Two systems currently operate in the UK, and either the BBFC or PEGI labels are displayed on game cases for retail. The report investigates the dangers to children and one recommendation included is the implementation of parental controls. It seems Ms. Byron hasn't done her homework, as most of us are aware of the controls present in the latest wave of consoles. Although incidental, the fact that there is a clear lack of research undertaken i.e. she hasn't even bothered to actually mess about on the consoles, shows us that yet again, the industry is being monitored by people who don't play games.

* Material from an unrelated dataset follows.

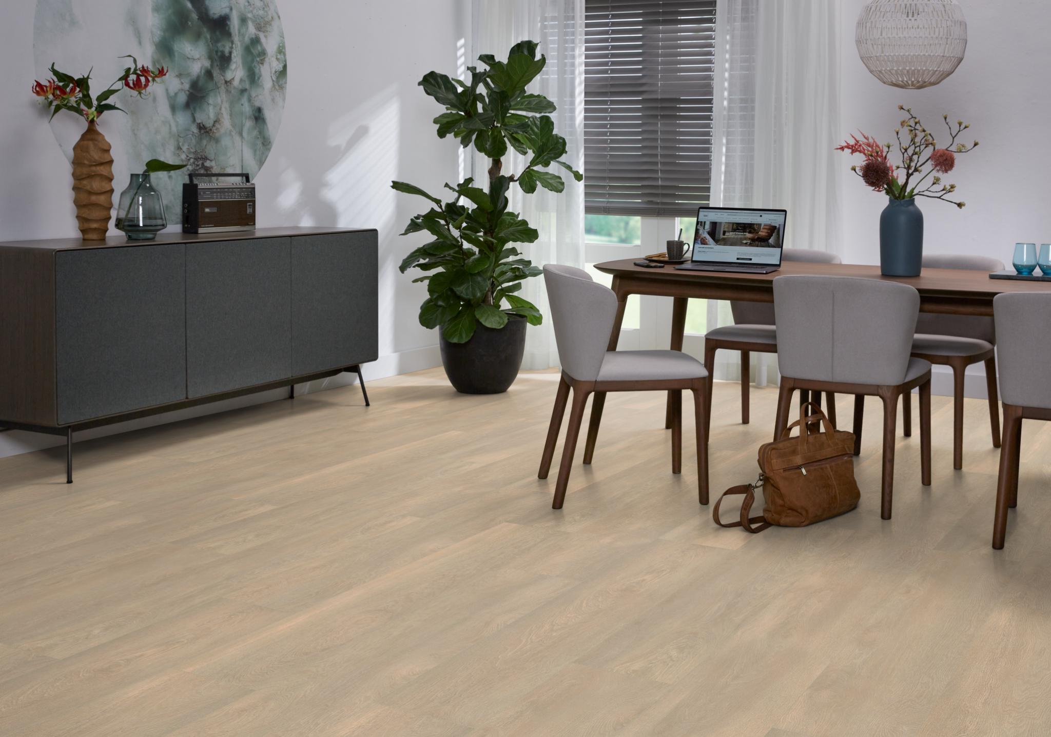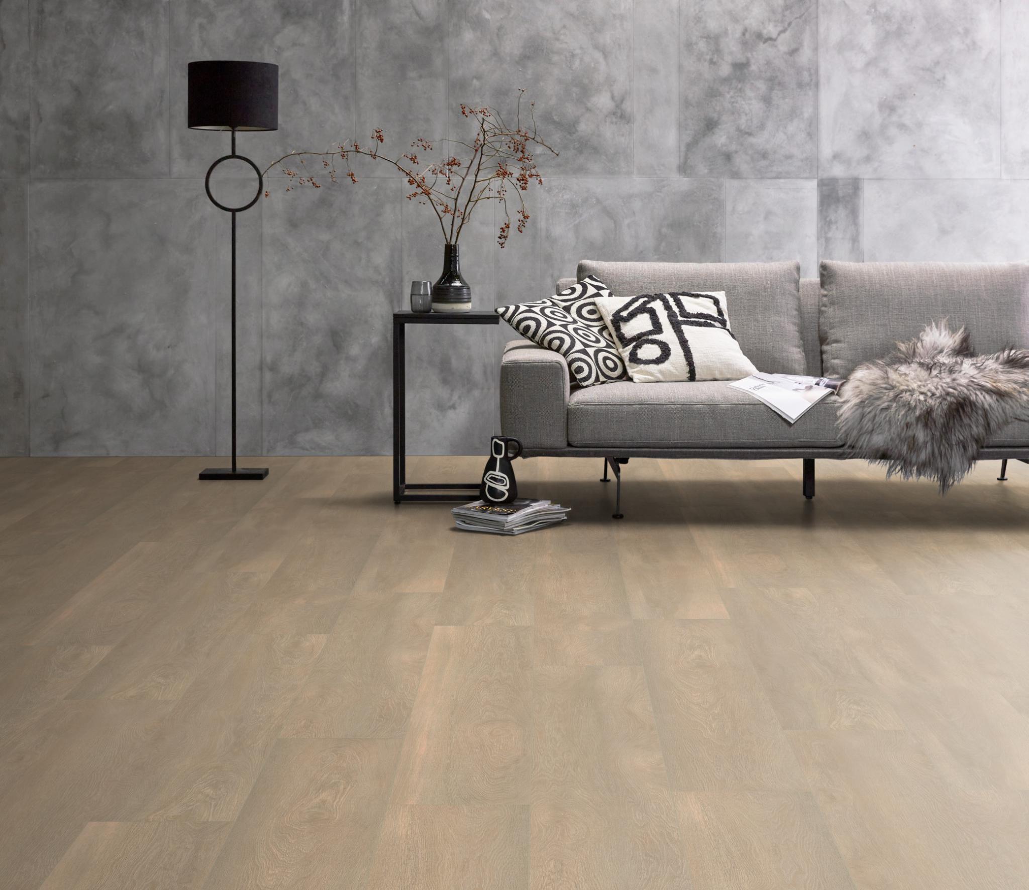 Ambiant Arnstadt is een waterbestendige laminaatvloer met extra brede planken en een natuurgetrouwe structuur. Verkrijgbaar in vier stoere kleuren en geschikt voor vloerverwarming. Perfect voor elk interieur.

The videogames industry is a responsible sector, and often includes health warnings (including those ignorable Nintendo 'you've played too long' warnings) without external pressure to do so. European gaming bodies have also come together to form the Pan-European Gaming Information system, or PEGI. This system, although voluntary has been used frequently and provides clear age recommendations as well as more gaming-specific issues such as discrimination, drug use, sex, gambling and more. The PEGI Secretary General, Patrice Chazerand said

'PEGI is a rating system designed specifically for interactive content by people who best understand that medium. As the European age rating system of reference, PEGI has been serving about 30 European countries including the UK, for the last five years already.'

By all means the concept isn't perfect, yet it seems that gamers, despite all their best efforts, often get a hard time from people who aren't gamers. Byron's suggestions to favour the BBFC seem to have come at a bad time. The BBFC have just stumbled their way through a court case with Rockstar over the UK release of Manhunt 2, which was banned until recently - 7 months after its original release date. The BBFC was also in the spotlight when Bully was being released for the PS2. Under intense pressure from anti-bullying group, the BBFC forced Rockstar to rename the game and slapped a 15-certificate on a fairly mild game. Rockstar actually got the last laugh releasing the 360 version with the original title, but not before cheekily choosing the tongue-in-cheek 'Canis Canem Edit' for the PS2 release. All this media focus was on a game that actually rewards anti-bullying behaviour and perhaps stimulates children intellectually more than most of the drivel deemed acceptable to play (Avatar – I'm looking at you).

This leads us to question whether the BBFC is actually capable of classifying games. It is rarely mentioned that the Video Licensing Act of 1984 is still the criteria used when certifying games. Is a 24 year old piece of legislation adequate for an industry that is progressing at breakneck speed? Are the film and TV certificates even appropriate for videogames? The minimum two hour testing time undertaken by the board before classification could be only scratching the surface of a game like GTA and this illustrates the lack of gaming knowledge present in the BBFC. With more and more features in modern gaming to consider, as well as a staggering amount of potential dangers in online play we need parents to be as informed as possible.

This is what the review all comes down to. There is so much talk of the games being too violent, or the classification being inadequate or unclear when what ought to be happening is that parents should be looking at what they allow their children to play. People are looking for scapegoats, when the true responsibility rests with the parents. If you need a huge '18' in the middle of the case of Manhunt 2 to tell you it might be inappropriate then there is something seriously wrong. You would have thought a bloodshot, crazed eyeball and the words 'man' and 'hunt' next to each other may have been enough to suggest that it might not be okay to allow your 7 year old daughter to play it. We are reaching the age when the Quake modders of yesteryear are raising little hackers of their own. We now have at least some parents out there capable of restricting what their children can play. Perhaps some other Mummies and Daddies could learn a lesson. How about actually playing a game someday? Chainsaw duel on Gears, anyone?